What to work on
Every line from the one containing "ರಾಮಮಂದಿರದ ಸಂಖ್ಯಾತ್ಮಕ ಆಯಾಮಗಳನ್ನು" through the end of the listing below must be given again exactly, and nothing else; exclude pictures.

[Data to examine — start]

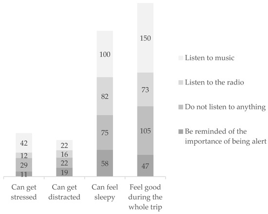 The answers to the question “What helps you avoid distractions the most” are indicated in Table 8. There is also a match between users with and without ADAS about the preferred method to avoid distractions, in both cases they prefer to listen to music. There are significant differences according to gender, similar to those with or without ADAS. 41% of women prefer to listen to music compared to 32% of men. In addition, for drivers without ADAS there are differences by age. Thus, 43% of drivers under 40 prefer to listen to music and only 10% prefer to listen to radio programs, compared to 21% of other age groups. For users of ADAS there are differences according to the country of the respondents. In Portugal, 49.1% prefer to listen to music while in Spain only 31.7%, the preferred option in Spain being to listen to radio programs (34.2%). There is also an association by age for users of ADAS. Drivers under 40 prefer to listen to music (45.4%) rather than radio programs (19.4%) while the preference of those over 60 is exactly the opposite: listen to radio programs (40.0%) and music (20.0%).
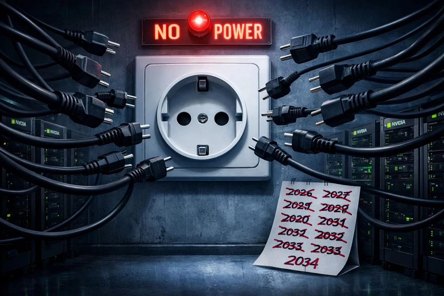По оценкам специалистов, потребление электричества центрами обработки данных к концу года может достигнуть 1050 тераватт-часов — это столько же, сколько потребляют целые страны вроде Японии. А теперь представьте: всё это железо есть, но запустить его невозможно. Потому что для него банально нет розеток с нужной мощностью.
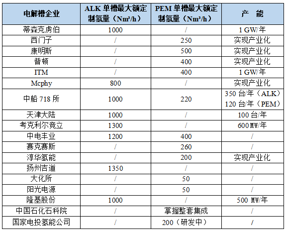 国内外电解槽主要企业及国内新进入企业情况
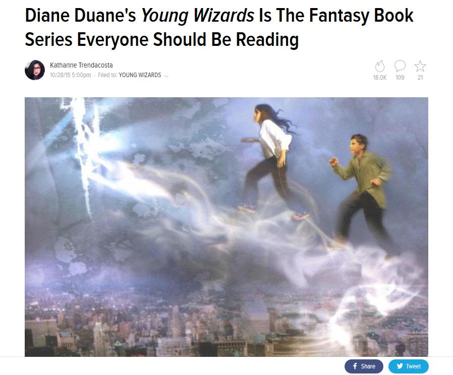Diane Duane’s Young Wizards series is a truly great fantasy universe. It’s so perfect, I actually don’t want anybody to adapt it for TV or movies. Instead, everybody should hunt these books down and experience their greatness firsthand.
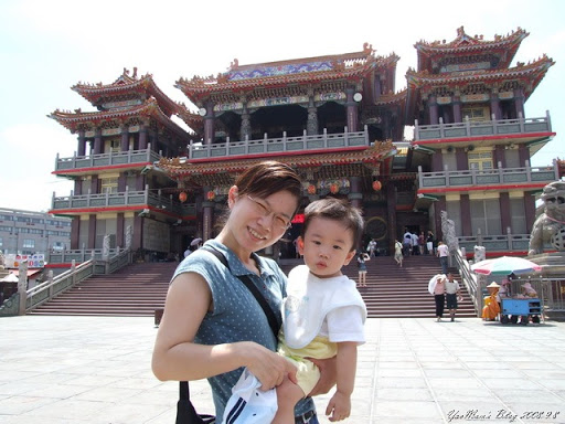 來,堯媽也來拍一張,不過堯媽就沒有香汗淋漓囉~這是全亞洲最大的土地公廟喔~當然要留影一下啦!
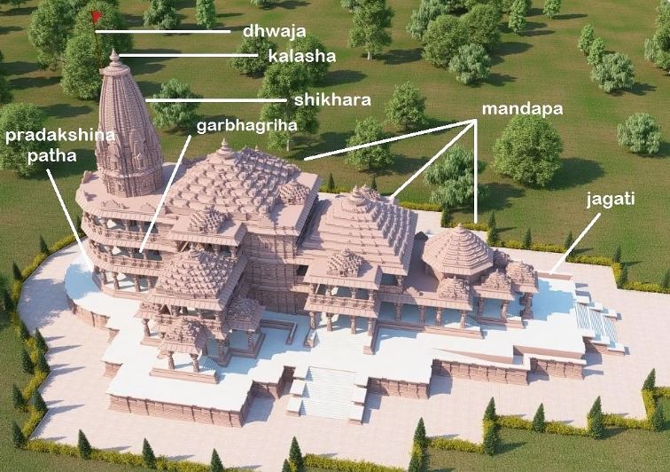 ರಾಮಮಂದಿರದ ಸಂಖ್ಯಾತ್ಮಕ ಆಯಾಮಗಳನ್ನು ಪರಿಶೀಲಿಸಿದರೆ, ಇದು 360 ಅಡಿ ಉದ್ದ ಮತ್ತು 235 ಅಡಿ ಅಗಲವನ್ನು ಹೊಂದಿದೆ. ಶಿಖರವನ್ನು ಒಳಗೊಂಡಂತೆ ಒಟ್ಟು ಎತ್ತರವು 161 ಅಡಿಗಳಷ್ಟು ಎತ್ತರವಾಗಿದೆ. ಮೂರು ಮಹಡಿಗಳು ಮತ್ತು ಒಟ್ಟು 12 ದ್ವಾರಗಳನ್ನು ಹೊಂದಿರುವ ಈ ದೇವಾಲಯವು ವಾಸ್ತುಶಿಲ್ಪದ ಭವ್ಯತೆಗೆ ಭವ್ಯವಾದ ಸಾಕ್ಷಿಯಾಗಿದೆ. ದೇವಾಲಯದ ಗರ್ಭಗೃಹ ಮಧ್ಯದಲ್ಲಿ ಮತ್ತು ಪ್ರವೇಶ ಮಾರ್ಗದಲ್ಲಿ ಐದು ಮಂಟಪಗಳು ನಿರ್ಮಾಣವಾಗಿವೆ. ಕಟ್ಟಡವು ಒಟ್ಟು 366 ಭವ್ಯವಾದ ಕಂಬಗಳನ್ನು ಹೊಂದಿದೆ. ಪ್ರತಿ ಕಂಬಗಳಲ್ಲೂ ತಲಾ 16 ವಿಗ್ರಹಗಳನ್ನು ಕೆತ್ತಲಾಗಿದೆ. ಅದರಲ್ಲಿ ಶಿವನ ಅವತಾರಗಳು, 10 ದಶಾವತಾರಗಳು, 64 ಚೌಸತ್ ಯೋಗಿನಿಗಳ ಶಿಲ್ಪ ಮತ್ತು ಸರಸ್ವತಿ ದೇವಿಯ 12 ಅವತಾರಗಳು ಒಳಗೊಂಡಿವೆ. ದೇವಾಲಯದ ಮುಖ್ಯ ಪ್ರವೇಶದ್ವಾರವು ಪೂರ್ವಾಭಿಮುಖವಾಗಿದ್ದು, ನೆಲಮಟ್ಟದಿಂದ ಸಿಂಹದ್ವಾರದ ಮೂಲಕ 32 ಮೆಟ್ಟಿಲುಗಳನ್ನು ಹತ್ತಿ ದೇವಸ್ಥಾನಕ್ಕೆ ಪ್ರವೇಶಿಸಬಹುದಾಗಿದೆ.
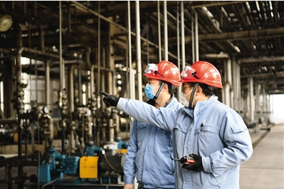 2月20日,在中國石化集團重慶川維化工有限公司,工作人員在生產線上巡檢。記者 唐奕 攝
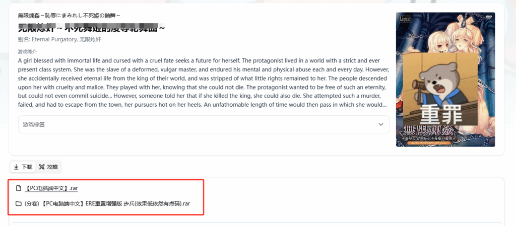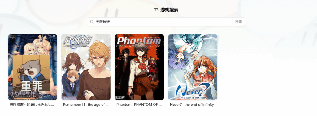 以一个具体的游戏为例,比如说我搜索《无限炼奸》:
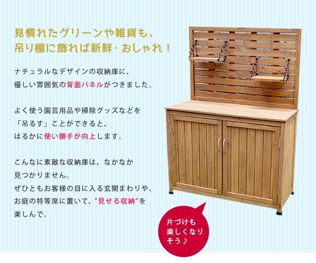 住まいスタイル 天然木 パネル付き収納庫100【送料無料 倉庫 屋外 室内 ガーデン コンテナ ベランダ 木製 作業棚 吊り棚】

[Data to examine — finish]

The answer
 ರಾಮಮಂದಿರದ ಸಂಖ್ಯಾತ್ಮಕ ಆಯಾಮಗಳನ್ನು ಪರಿಶೀಲಿಸಿದರೆ, ಇದು 360 ಅಡಿ ಉದ್ದ ಮತ್ತು 235 ಅಡಿ ಅಗಲವನ್ನು ಹೊಂದಿದೆ. ಶಿಖರವನ್ನು ಒಳಗೊಂಡಂತೆ ಒಟ್ಟು ಎತ್ತರವು 161 ಅಡಿಗಳಷ್ಟು ಎತ್ತರವಾಗಿದೆ. ಮೂರು ಮಹಡಿಗಳು ಮತ್ತು ಒಟ್ಟು 12 ದ್ವಾರಗಳನ್ನು ಹೊಂದಿರುವ ಈ ದೇವಾಲಯವು ವಾಸ್ತುಶಿಲ್ಪದ ಭವ್ಯತೆಗೆ ಭವ್ಯವಾದ ಸಾಕ್ಷಿಯಾಗಿದೆ. ದೇವಾಲಯದ ಗರ್ಭಗೃಹ ಮಧ್ಯದಲ್ಲಿ ಮತ್ತು ಪ್ರವೇಶ ಮಾರ್ಗದಲ್ಲಿ ಐದು ಮಂಟಪಗಳು ನಿರ್ಮಾಣವಾಗಿವೆ. ಕಟ್ಟಡವು ಒಟ್ಟು 366 ಭವ್ಯವಾದ ಕಂಬಗಳನ್ನು ಹೊಂದಿದೆ. ಪ್ರತಿ ಕಂಬಗಳಲ್ಲೂ ತಲಾ 16 ವಿಗ್ರಹಗಳನ್ನು ಕೆತ್ತಲಾಗಿದೆ. ಅದರಲ್ಲಿ ಶಿವನ ಅವತಾರಗಳು, 10 ದಶಾವತಾರಗಳು, 64 ಚೌಸತ್ ಯೋಗಿನಿಗಳ ಶಿಲ್ಪ ಮತ್ತು ಸರಸ್ವತಿ ದೇವಿಯ 12 ಅವತಾರಗಳು ಒಳಗೊಂಡಿವೆ. ದೇವಾಲಯದ ಮುಖ್ಯ ಪ್ರವೇಶದ್ವಾರವು ಪೂರ್ವಾಭಿಮುಖವಾಗಿದ್ದು, ನೆಲಮಟ್ಟದಿಂದ ಸಿಂಹದ್ವಾರದ ಮೂಲಕ 32 ಮೆಟ್ಟಿಲುಗಳನ್ನು ಹತ್ತಿ ದೇವಸ್ಥಾನಕ್ಕೆ ಪ್ರವೇಶಿಸಬಹುದಾಗಿದೆ.
 2月20日,在中國石化集團重慶川維化工有限公司,工作人員在生產線上巡檢。記者 唐奕 攝
 以一个具体的游戏为例,比如说我搜索《无限炼奸》:
 住まいスタイル 天然木 パネル付き収納庫100【送料無料 倉庫 屋外 室内 ガーデン コンテナ ベランダ 木製 作業棚 吊り棚】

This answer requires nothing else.